Low tokenization speed
Check if the Metal/MLX backend is enabled and MPS layers are utilized. Run `ollama config set backend metal` to switch to the Metal backend.
Out of memory errors
Reduce the batch size or context length if you encounter out-of-memory errors, even though the model is small and should fit within the 128GB VRAM.
Alternative runtimes
While Ollama is the preferred runtime for Apple Silicon, you can also use LM Studio for a more graphical interface, llama.cpp for more control over quantization, MLX for direct Metal integration, or Jan for lightweight deployment. Choose an alternative based on your specific needs, such as ease of use or fine-grained control over model execution.
Other models that run great on M3 Max
FAQ (20)
What GPU do I need to run Whisper Tiny English (Quantized)?
Whisper Tiny English (Quantized) requires minimal GPU resources, needing only 0.1 GB of VRAM. It can run efficiently on most modern GPUs, including integrated graphics.

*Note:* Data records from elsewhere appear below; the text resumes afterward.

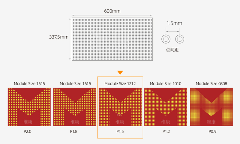 由于箱体是16:9比例,所以在拼接时只要保证等比例数量的拼接,整个LED显示屏就不会发生变形,从而保证整体的显示效果。如下图,P1.53小间距LED显示通过5*5拼接后即可达到一个1080P的分辨率效果。
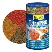 Tetra Pro Multi-Crisps Menu Visvoer is een soort visvoer geproduceerd door het merk Tetra. Het is ontworpen als een hoogwaardig, Multi-textuurvoer voor aquariumvissen, met name voor vissen die van een gevarieerd dieet houden. Het "Multi-Crisps"-gedeelte verwijst naar de verschillende soorten voedseltexturen en -vormen in het product. Het bestaat uit knapperige vlokken of chips die zijn samengesteld om te voldoen aan de voedingsbehoeften van vissen, en die een uitgebalanceerd dieet bieden met essentiële vitaminen en mineralen. "Menu" in de naam suggereert dat het een variatiepakket is of verschillende soorten voedselopties bevat binnen het product, gericht op het bieden van een uitgebalanceerd dieet aan vissen in één product.
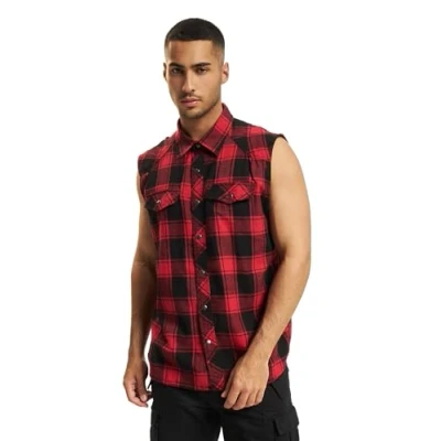 Masculine, sleeveless check shirt Comfortable to wear / skin-friendly cotton material 2 chest pockets with press stud fastening/press stud placket Straight cut Lumberjack look
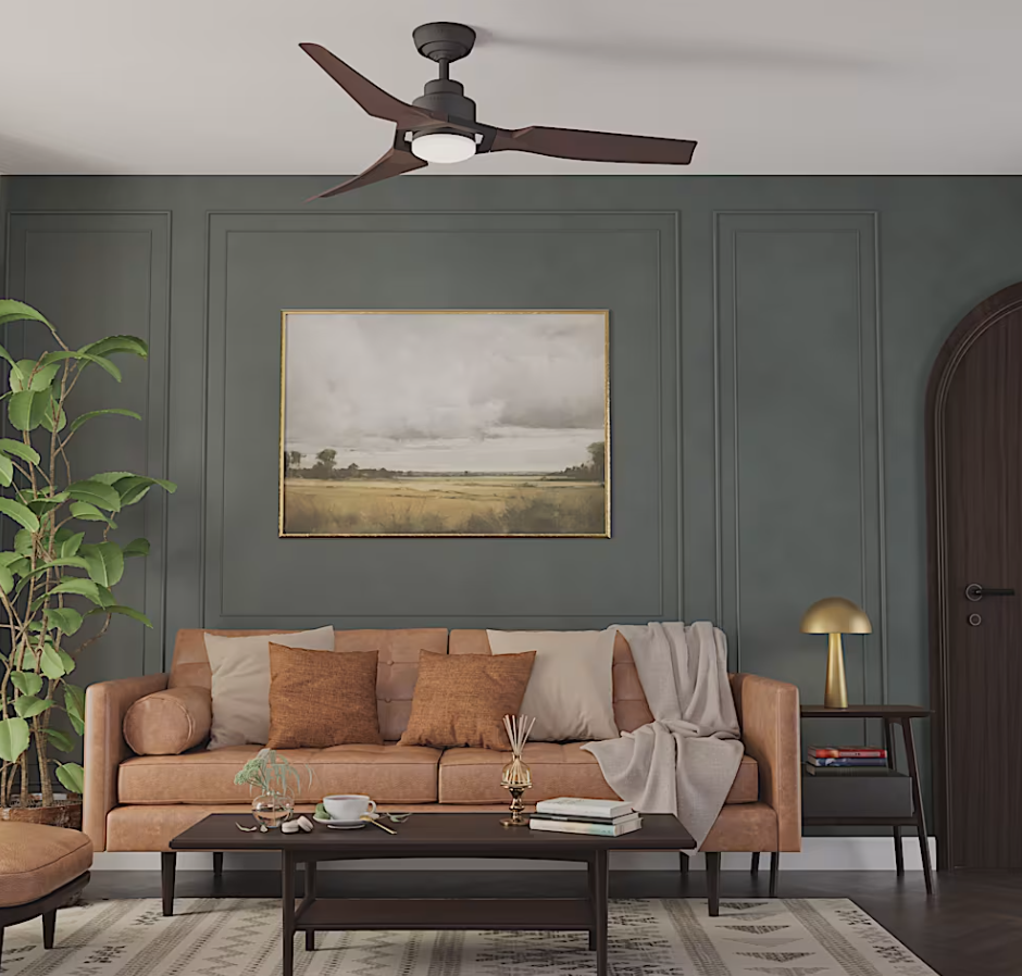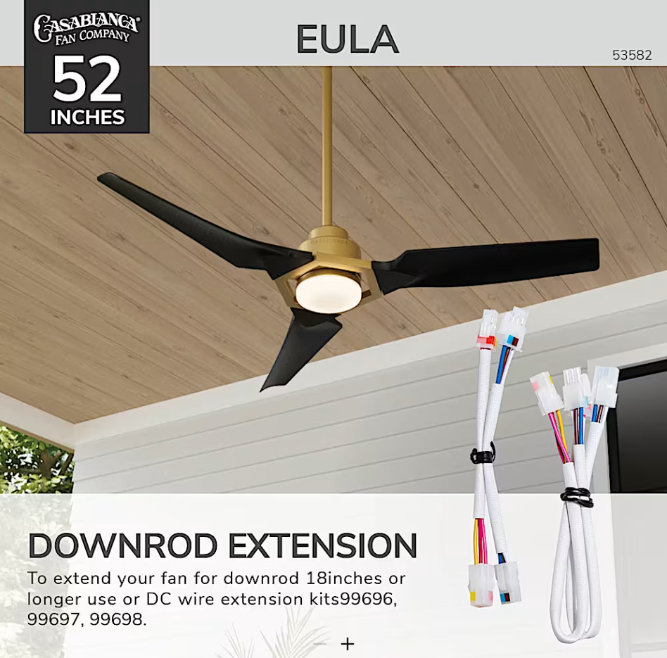 The Hunter Eula 52" Outdoor Ceiling Fan delivers powerful, efficient cooling with a relaxed, stylish design. ENERGY STAR® certified and 64% more efficient, it features SureSpeed® airflow and a quiet 6-speed Eco Whisper DC motor—perfect for covered patios and porches. Damp-rated for durability, it includes a 20W LED light, handheld remote, and a No Light Cap for a cleaner look when preferred. Downrods and Slope Adapters included ONLY with Matte Black - Chestnut Fan
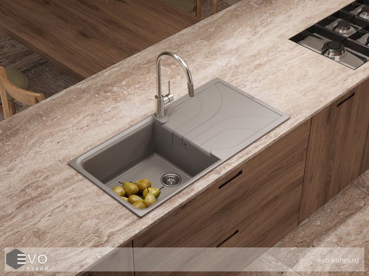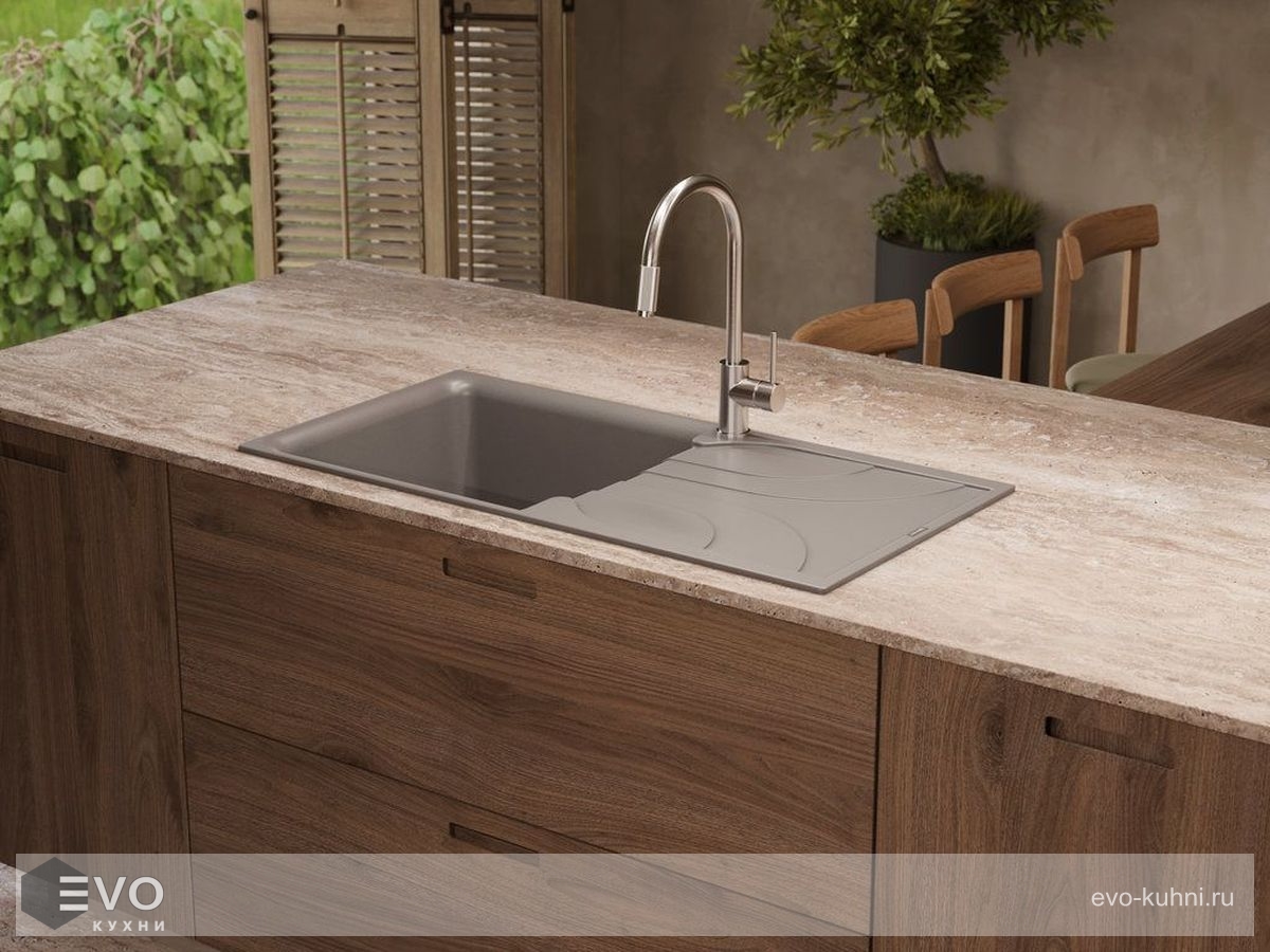Стильная мойка из TETOGRANIT имеет функциональное крыло с выпуклыми лучиками, которые предназначены для легкого стекания воды в чашу.

Is Whisper Tiny English (Quantized) good for coding?
Whisper Tiny English (Quantized) is primarily designed for speech recognition and may not be optimized for coding tasks. However, it can be useful for voice-to-text applications in development environments.
Whisper Tiny English (Quantized) vs Llama 3.1 8B?

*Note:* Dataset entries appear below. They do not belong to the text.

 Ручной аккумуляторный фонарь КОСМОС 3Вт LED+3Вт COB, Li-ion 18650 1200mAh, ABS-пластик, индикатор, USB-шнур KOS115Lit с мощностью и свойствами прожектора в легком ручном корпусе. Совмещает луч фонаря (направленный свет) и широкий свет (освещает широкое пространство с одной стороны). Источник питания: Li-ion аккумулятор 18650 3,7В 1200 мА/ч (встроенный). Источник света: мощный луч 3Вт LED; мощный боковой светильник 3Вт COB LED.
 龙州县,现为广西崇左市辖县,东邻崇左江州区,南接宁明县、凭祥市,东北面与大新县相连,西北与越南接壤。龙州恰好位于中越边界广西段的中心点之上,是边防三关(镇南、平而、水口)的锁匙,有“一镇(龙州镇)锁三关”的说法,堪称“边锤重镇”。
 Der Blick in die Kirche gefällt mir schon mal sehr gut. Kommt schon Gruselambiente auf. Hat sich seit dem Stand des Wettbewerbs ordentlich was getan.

Whisper Tiny English (Quantized) has only 0.039 billion parameters, making it much smaller and more resource-efficient compared to Llama 3.1 8B, which has 8 billion parameters. It is ideal for low-resource devices but less powerful for complex tasks.
Can I run Whisper Tiny English (Quantized) on a Mac?

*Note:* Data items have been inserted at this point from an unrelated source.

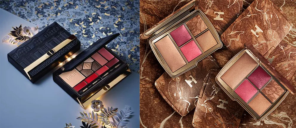 這類“祖?zhèn)鳌本C合盤對(duì)于普通消費(fèi)者來(lái)說(shuō),體積大、顏色相對(duì)更跳脫,并不適合日常攜帶和使用。有些國(guó)際大牌對(duì)綜合盤的設(shè)計(jì)會(huì)更加小巧一些,如迪奧2021年的圣誕限定面部彩妝綜合盤,包含眼影、粉餅、高光、口紅四種品類,并配備小號(hào)的雙頭唇刷、雙頭眼影刷和腮紅刷。hourglass2021年的圣誕限定彩妝盤則以常規(guī)的腮紅+高光+修容組合作為搭配。
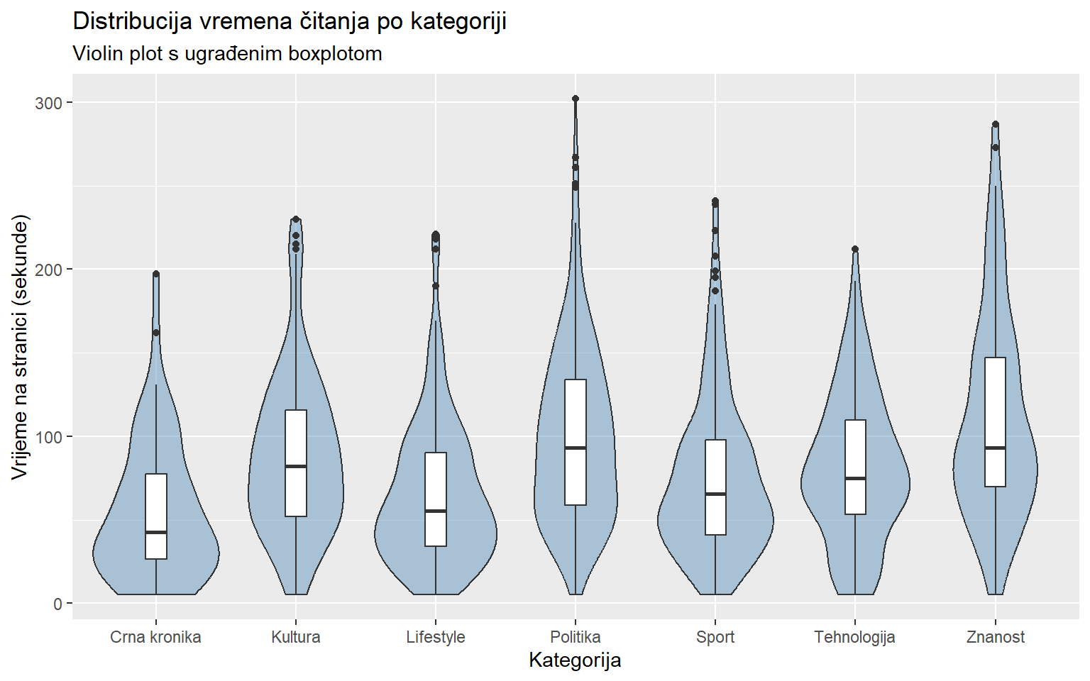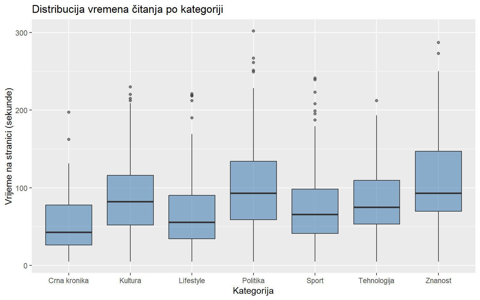 Distribucija je desno iskrivljena (pozitivan skew), što je tipično za metriku angažmana. Većina članaka ima relativno kratko vrijeme čitanja, ali postoji dugačak rep članaka s izuzetno dugim vremenom čitanja.
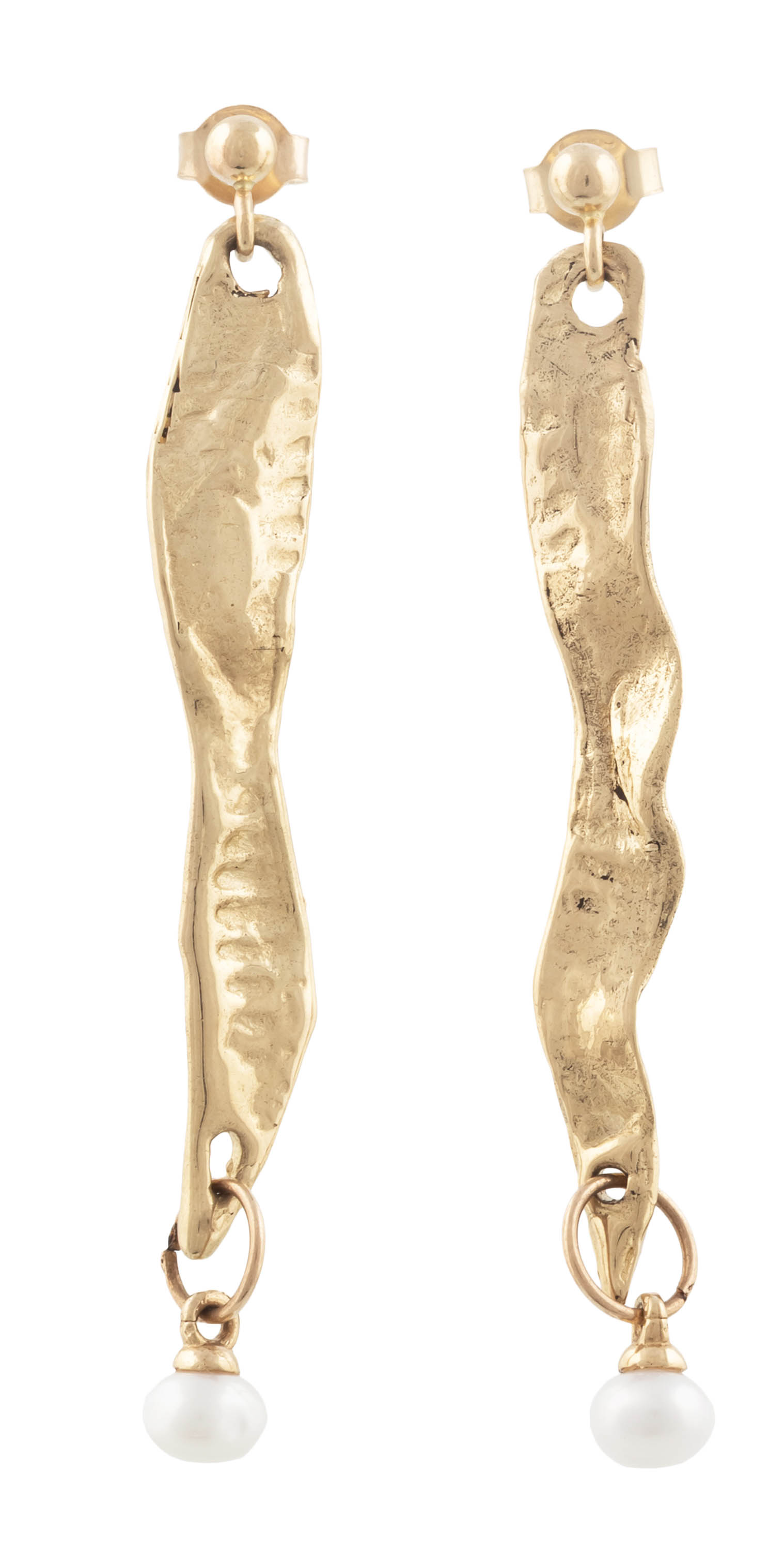 złoto, pr. ok. 0,585, m. 6,4 g, 2 szt. pereł hodowanych słodkowodnych, dł. 5,5 cmProjekt autorski, jedyny egzemplarz.

Yes, Whisper Tiny English (Quantized) can run on a Mac. It is lightweight and compatible with macOS, requiring minimal system resources.
How much VRAM does Whisper Tiny English (Quantized) need?
Whisper Tiny English (Quantized) requires only 0.1 GB of VRAM, making it suitable for devices with limited graphics memory.
Is Whisper Tiny English (Quantized) censored?
Whisper Tiny English (Quantized) is not censored. It processes speech data as input without any content filtering or restrictions.
Is Whisper Tiny English (Quantized) commercial-use allowed?
Yes, Whisper Tiny English (Quantized) is licensed under the MIT license, allowing commercial use without restrictions.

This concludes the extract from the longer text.